* **Assigned task**: Here are the records. Write out exactly the lines between the one holding "提高關懷生命的尺度,使萬物眾生受到庇蔭,靜宜大學2010年第四屆環境論文研討會" and the one holding "当地时间7月13日,在英国伦", inclusive.

(Data extracted from a collection)
● ● ● ●

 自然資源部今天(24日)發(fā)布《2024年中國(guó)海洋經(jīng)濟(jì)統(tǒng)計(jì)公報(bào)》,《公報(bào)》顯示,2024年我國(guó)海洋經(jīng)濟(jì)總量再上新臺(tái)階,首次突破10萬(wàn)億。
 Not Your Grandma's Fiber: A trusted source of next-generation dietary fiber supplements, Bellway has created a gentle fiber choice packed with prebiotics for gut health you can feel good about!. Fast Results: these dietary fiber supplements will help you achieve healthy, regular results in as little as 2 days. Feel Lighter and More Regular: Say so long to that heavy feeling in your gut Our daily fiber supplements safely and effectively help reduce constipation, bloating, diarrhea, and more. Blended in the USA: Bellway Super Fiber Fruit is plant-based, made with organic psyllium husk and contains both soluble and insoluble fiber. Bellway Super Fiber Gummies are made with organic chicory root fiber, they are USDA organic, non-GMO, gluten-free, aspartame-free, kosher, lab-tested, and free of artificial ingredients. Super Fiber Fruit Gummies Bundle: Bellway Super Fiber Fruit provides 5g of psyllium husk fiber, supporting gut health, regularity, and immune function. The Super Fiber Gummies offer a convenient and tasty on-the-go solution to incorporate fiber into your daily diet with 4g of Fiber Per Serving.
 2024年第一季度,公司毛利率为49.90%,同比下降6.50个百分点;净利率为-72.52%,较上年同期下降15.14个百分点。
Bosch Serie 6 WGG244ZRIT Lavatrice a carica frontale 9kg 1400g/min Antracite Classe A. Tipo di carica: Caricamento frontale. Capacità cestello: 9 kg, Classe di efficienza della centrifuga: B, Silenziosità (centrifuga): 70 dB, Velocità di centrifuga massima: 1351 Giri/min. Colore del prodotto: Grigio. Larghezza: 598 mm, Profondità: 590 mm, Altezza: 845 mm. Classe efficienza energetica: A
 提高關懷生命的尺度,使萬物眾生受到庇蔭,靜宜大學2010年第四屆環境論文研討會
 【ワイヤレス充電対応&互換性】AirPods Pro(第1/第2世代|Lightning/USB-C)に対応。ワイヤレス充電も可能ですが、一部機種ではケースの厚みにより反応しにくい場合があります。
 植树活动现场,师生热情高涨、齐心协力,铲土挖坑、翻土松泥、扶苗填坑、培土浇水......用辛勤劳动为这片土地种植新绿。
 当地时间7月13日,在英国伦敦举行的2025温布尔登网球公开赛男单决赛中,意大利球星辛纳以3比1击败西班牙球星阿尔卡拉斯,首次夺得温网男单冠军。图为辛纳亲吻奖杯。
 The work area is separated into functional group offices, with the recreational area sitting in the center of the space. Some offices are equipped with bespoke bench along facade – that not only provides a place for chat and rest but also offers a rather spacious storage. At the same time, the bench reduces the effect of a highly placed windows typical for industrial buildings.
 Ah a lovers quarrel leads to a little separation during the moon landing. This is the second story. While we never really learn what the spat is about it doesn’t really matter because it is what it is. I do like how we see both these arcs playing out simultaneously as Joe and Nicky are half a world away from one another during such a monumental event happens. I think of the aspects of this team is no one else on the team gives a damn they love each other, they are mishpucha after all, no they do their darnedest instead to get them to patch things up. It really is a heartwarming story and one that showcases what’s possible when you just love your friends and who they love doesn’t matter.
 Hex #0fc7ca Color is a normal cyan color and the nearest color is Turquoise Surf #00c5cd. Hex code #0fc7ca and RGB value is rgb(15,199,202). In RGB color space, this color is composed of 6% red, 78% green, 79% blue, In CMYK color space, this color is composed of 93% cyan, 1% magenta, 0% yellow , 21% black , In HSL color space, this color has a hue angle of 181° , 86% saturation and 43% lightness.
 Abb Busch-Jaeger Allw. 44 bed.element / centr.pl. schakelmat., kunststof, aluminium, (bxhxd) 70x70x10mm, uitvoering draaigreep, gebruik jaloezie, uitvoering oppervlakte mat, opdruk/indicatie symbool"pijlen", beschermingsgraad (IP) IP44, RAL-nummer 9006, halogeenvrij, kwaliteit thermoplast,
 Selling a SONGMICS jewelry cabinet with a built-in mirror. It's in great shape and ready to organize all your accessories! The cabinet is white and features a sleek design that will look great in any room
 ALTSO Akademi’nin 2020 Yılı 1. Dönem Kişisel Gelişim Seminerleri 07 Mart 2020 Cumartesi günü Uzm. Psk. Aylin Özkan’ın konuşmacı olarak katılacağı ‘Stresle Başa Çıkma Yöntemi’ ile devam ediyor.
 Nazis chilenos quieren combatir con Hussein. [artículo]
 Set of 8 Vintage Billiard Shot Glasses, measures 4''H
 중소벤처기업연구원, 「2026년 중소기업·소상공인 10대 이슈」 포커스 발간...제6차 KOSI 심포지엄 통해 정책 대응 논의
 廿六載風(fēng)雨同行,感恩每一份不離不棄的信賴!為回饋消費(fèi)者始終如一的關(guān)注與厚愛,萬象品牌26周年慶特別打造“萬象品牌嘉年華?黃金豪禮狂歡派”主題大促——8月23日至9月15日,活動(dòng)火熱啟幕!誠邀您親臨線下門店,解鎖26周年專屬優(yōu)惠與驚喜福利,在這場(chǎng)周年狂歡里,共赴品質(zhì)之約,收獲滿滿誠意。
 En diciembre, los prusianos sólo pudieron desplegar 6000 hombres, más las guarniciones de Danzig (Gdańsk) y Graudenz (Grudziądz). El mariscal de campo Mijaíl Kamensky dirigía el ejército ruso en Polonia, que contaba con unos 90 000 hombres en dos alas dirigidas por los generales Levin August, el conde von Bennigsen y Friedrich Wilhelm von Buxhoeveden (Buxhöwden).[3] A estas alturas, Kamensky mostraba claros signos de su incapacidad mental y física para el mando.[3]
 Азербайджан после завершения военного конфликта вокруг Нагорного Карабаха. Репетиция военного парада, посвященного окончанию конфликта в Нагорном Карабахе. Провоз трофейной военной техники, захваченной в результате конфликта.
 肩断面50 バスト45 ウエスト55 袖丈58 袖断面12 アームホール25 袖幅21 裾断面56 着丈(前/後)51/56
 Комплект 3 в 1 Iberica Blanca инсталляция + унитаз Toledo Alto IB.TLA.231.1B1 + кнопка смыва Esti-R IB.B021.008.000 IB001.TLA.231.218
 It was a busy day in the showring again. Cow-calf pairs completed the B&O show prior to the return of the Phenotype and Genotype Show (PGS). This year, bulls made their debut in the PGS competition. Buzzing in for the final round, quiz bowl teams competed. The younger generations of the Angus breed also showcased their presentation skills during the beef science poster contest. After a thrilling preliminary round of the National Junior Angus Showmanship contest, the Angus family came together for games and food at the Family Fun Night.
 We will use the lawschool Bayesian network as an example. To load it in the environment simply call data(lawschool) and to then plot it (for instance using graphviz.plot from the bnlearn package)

● ● ● ●

* **Your response**:
 提高關懷生命的尺度,使萬物眾生受到庇蔭,靜宜大學2010年第四屆環境論文研討會
 【ワイヤレス充電対応&互換性】AirPods Pro(第1/第2世代|Lightning/USB-C)に対応。ワイヤレス充電も可能ですが、一部機種ではケースの厚みにより反応しにくい場合があります。
 植树活动现场,师生热情高涨、齐心协力,铲土挖坑、翻土松泥、扶苗填坑、培土浇水......用辛勤劳动为这片土地种植新绿。
 当地时间7月13日,在英国伦敦举行的2025温布尔登网球公开赛男单决赛中,意大利球星辛纳以3比1击败西班牙球星阿尔卡拉斯,首次夺得温网男单冠军。图为辛纳亲吻奖杯。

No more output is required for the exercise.